An exact reprint of the listing is required, with no pictures included.

[Given data]

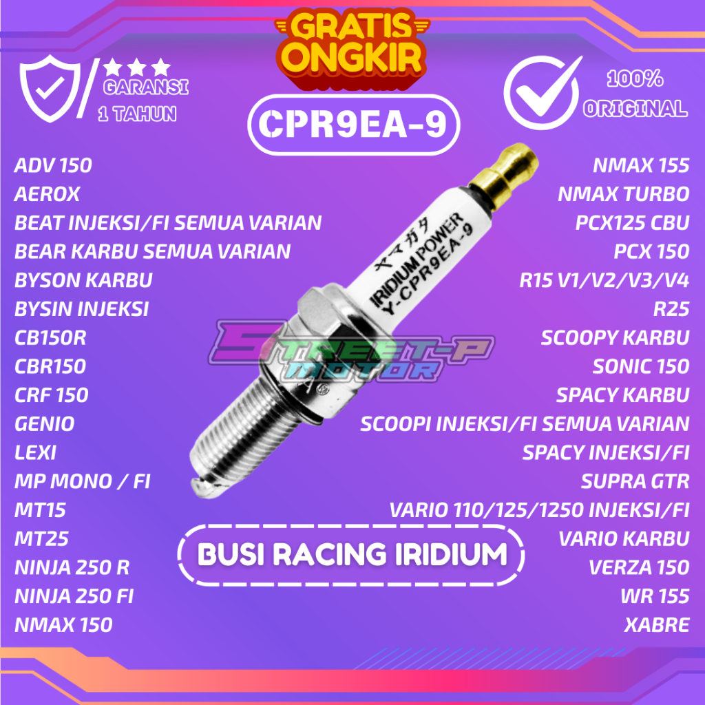 BUSI RACING SUPER IRIDIUM CPR9EA-9 BEAT,SCOOPY,VARIO,R15,NMAX,BYSON,AEROX,CBR150 Karbu Asli Gas Logam Kendaraan
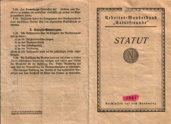 Die NaturFreunde gaben sich ein neues Statut, gedruckt in der Verlagsgesellschaft des Deutschen Holzarbeiter-Verbandes GmbH Berlin.
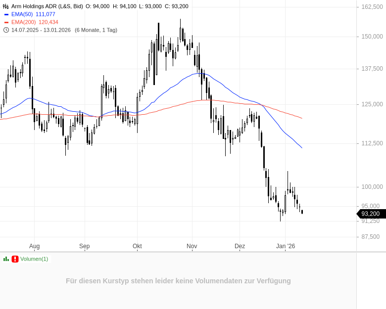 - Arm Holdings ADRKursstand: 111,140 $ (Nasdaq) - Zum Zeitpunkt der VeröffentlichungVerkaufenKaufen
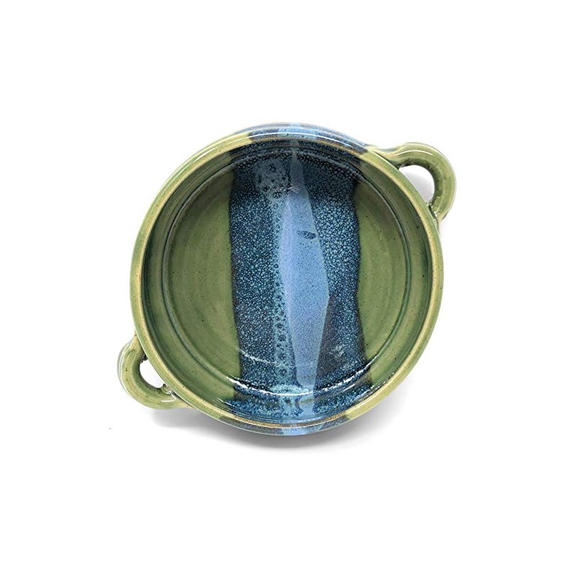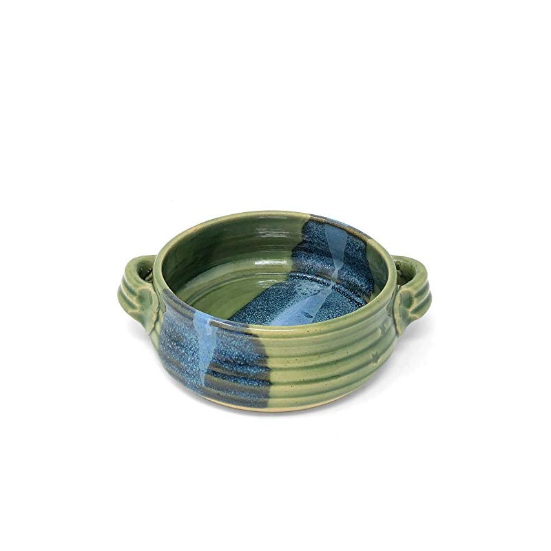 - Handcrafted stoneware baking dish with handles, perfect for brie or hot dips

[/Given data]

→ **Completed exercise**:
 BUSI RACING SUPER IRIDIUM CPR9EA-9 BEAT,SCOOPY,VARIO,R15,NMAX,BYSON,AEROX,CBR150 Karbu Asli Gas Logam Kendaraan
 Die NaturFreunde gaben sich ein neues Statut, gedruckt in der Verlagsgesellschaft des Deutschen Holzarbeiter-Verbandes GmbH Berlin.
 - Arm Holdings ADRKursstand: 111,140 $ (Nasdaq) - Zum Zeitpunkt der VeröffentlichungVerkaufenKaufen
 - Handcrafted stoneware baking dish with handles, perfect for brie or hot dips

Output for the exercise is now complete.